### DATASET CONTENT

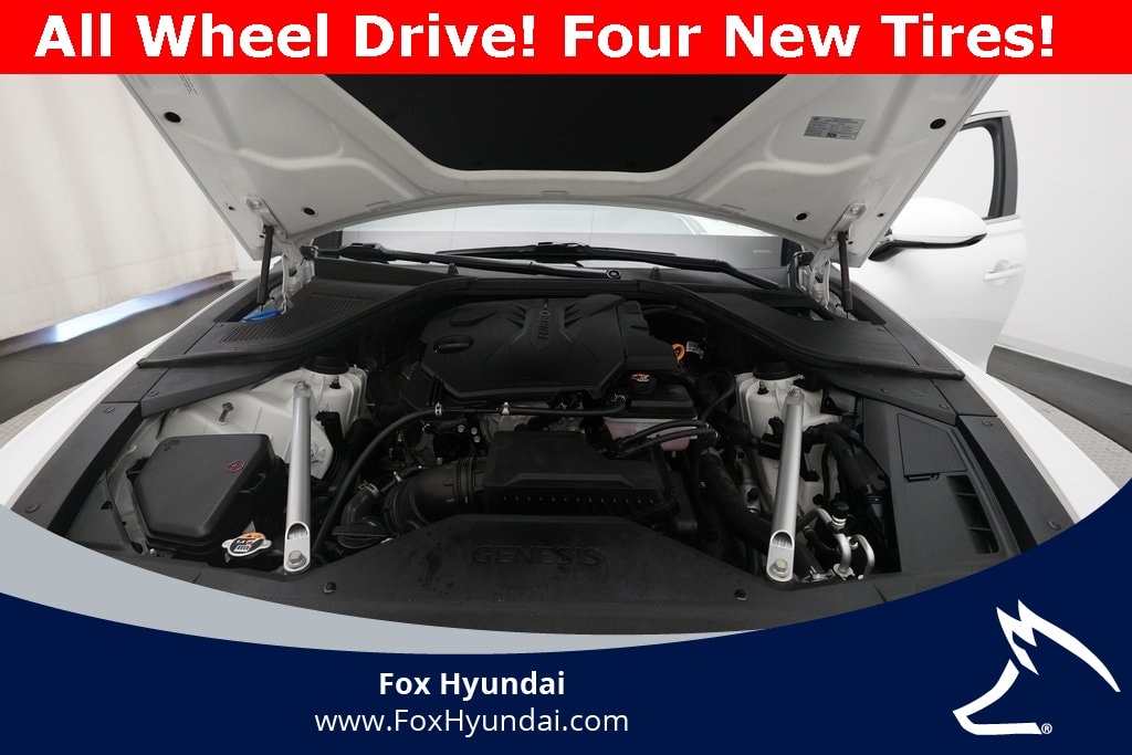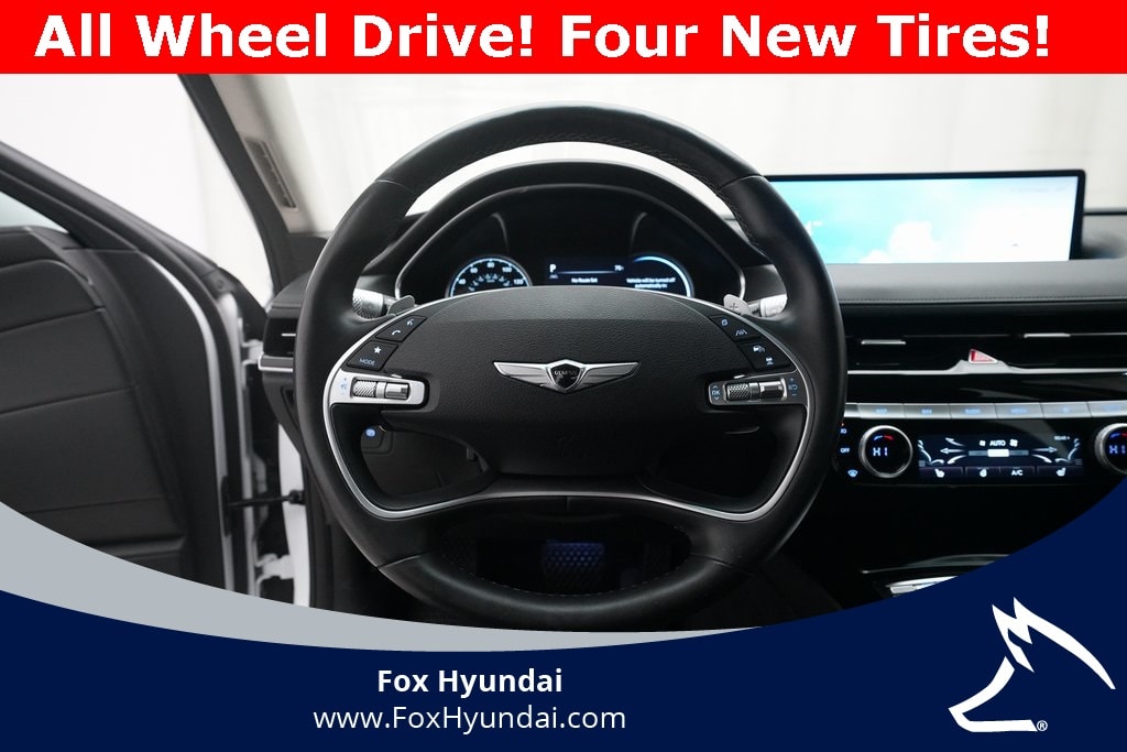 12 Speakers, 4-Wheel Disc Brakes, ABS Brakes, Air Conditioning, Alloy wheels, AM/FM Radio, Available Sirius XM Radio, Android Auto & Apple CarPlay, Anti-whiplash front head restraints, Auto High-beam Headlights, Auto tilt-away steering wheel, Auto-dimming door mirrors, Auto-dimming Rear-View mirror, Automatic temperature control, Bumpers: body-color, Compass, Delay-off headlights, Driver door bin, Driver vanity mirror, Dual front impact airbags, Dual front side impact airbags, Dual-Climate Control, Electronic Stability Control, Emergency communication system: Genesis Connected Services, Four wheel independent suspension, Front anti-roll bar, Front Bucket Seats, Front Center Armrest, Front reading lights, Fully Automatic Headlights, Garage door transmitter: HomeLink, Heated Front Bucket Seats, Heated Front Seats, Heated Rear Seats, Heated Sideview Mirrors, Heated Steering Wheel, Illuminated Entry, Knee airbag, Leather steering wheel, Leatherette Seating Surfaces, Low Tire Pressure Warning, Memory seat, Navigation System, Occupant sensing airbag, Option Group 01, Outside Temperature Display, Overhead airbag, Overhead console, Panic Alarm, Passenger door bin, Passenger vanity mirror, Power Adjusting Driver Seat, Power door mirrors, Power passenger seat, Power steering, Power Windows, Radio data system, Radio: AM/FM/HD/SiriusXM Audio System, Rain Sensing Wipers, Rear anti-roll bar, Rear reading lights, Rear seat center armrest, Rear side impact airbag, Rear-View Camera, Rear/Front Window Defroster, Remote Keyless Entry, Security System, Speed control, Speed-sensing steering, Speed-Sensitive Wipers, Steering wheel memory, Steering Wheel Mounted Controls, Tachometer, Telescoping steering wheel, Tilt steering wheel, Traction Control, Trip computer, Turn Signal Indicator Mirrors, Variably intermittent wipers, Wheels: 18"x8.0J Alloy.
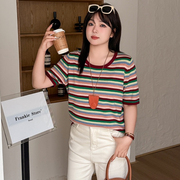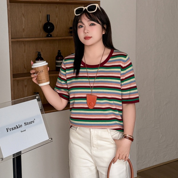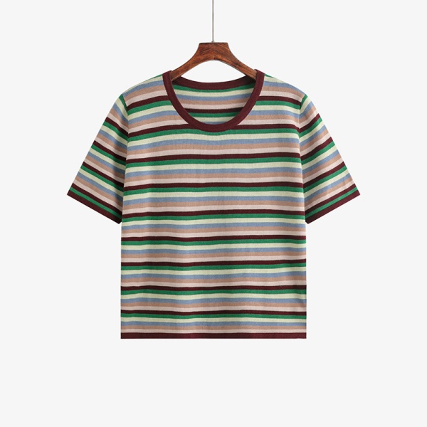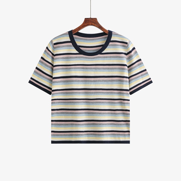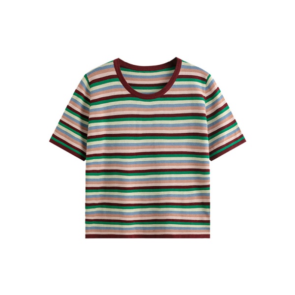 商品属性 [上市年份/季节] 2025夏季 [主要下游销售地区1] 欧美 [主要下游销售地区2] 欧美 [主面料成分] 锦纶 [主面料成分2] 腈纶 [主面料成分2含量] 30%以下 [主面料成分含量] 70%(含)-80%(不含) [图案] 条纹/格子 [工艺] 螺纹 [是否跨境货源] 是 [款式] 套头 [流行元素] 螺纹 [版型] 常规 [衣长] 普通款(50cm<衣长≤65cm) [袖型] 常规袖 [袖长] 五分袖 [跨境风格类型] 甜美清新 [面料名称] 48支亲肤澳毛绒 [领型] 圆领 [风格类型] 清新甜美
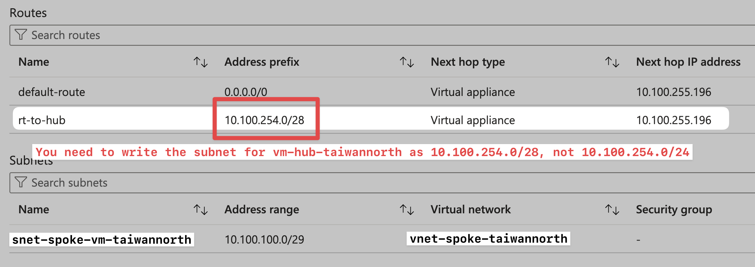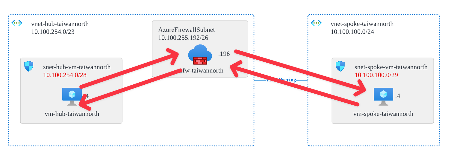NOTE: You need to clearly know the subnet range (10.100.254.0/28) when vm-hub-taiwannorth is located, rather than directly entering the entire Hub VNet range (10.100.254.0/23). Doing so will cause vm-spoke-taiwannorth to be unable to route to the Azure Firewall Service if they are all placed under the same address prefix.

### TASK DETAILS
Reproduce the listing above exactly, without a single picture.

### REPLY TO THE TASK
 12 Speakers, 4-Wheel Disc Brakes, ABS Brakes, Air Conditioning, Alloy wheels, AM/FM Radio, Available Sirius XM Radio, Android Auto & Apple CarPlay, Anti-whiplash front head restraints, Auto High-beam Headlights, Auto tilt-away steering wheel, Auto-dimming door mirrors, Auto-dimming Rear-View mirror, Automatic temperature control, Bumpers: body-color, Compass, Delay-off headlights, Driver door bin, Driver vanity mirror, Dual front impact airbags, Dual front side impact airbags, Dual-Climate Control, Electronic Stability Control, Emergency communication system: Genesis Connected Services, Four wheel independent suspension, Front anti-roll bar, Front Bucket Seats, Front Center Armrest, Front reading lights, Fully Automatic Headlights, Garage door transmitter: HomeLink, Heated Front Bucket Seats, Heated Front Seats, Heated Rear Seats, Heated Sideview Mirrors, Heated Steering Wheel, Illuminated Entry, Knee airbag, Leather steering wheel, Leatherette Seating Surfaces, Low Tire Pressure Warning, Memory seat, Navigation System, Occupant sensing airbag, Option Group 01, Outside Temperature Display, Overhead airbag, Overhead console, Panic Alarm, Passenger door bin, Passenger vanity mirror, Power Adjusting Driver Seat, Power door mirrors, Power passenger seat, Power steering, Power Windows, Radio data system, Radio: AM/FM/HD/SiriusXM Audio System, Rain Sensing Wipers, Rear anti-roll bar, Rear reading lights, Rear seat center armrest, Rear side impact airbag, Rear-View Camera, Rear/Front Window Defroster, Remote Keyless Entry, Security System, Speed control, Speed-sensing steering, Speed-Sensitive Wipers, Steering wheel memory, Steering Wheel Mounted Controls, Tachometer, Telescoping steering wheel, Tilt steering wheel, Traction Control, Trip computer, Turn Signal Indicator Mirrors, Variably intermittent wipers, Wheels: 18"x8.0J Alloy.
 商品属性 [上市年份/季节] 2025夏季 [主要下游销售地区1] 欧美 [主要下游销售地区2] 欧美 [主面料成分] 锦纶 [主面料成分2] 腈纶 [主面料成分2含量] 30%以下 [主面料成分含量] 70%(含)-80%(不含) [图案] 条纹/格子 [工艺] 螺纹 [是否跨境货源] 是 [款式] 套头 [流行元素] 螺纹 [版型] 常规 [衣长] 普通款(50cm<衣长≤65cm) [袖型] 常规袖 [袖长] 五分袖 [跨境风格类型] 甜美清新 [面料名称] 48支亲肤澳毛绒 [领型] 圆领 [风格类型] 清新甜美
NOTE: You need to clearly know the subnet range (10.100.254.0/28) when vm-hub-taiwannorth is located, rather than directly entering the entire Hub VNet range (10.100.254.0/23). Doing so will cause vm-spoke-taiwannorth to be unable to route to the Azure Firewall Service if they are all placed under the same address prefix.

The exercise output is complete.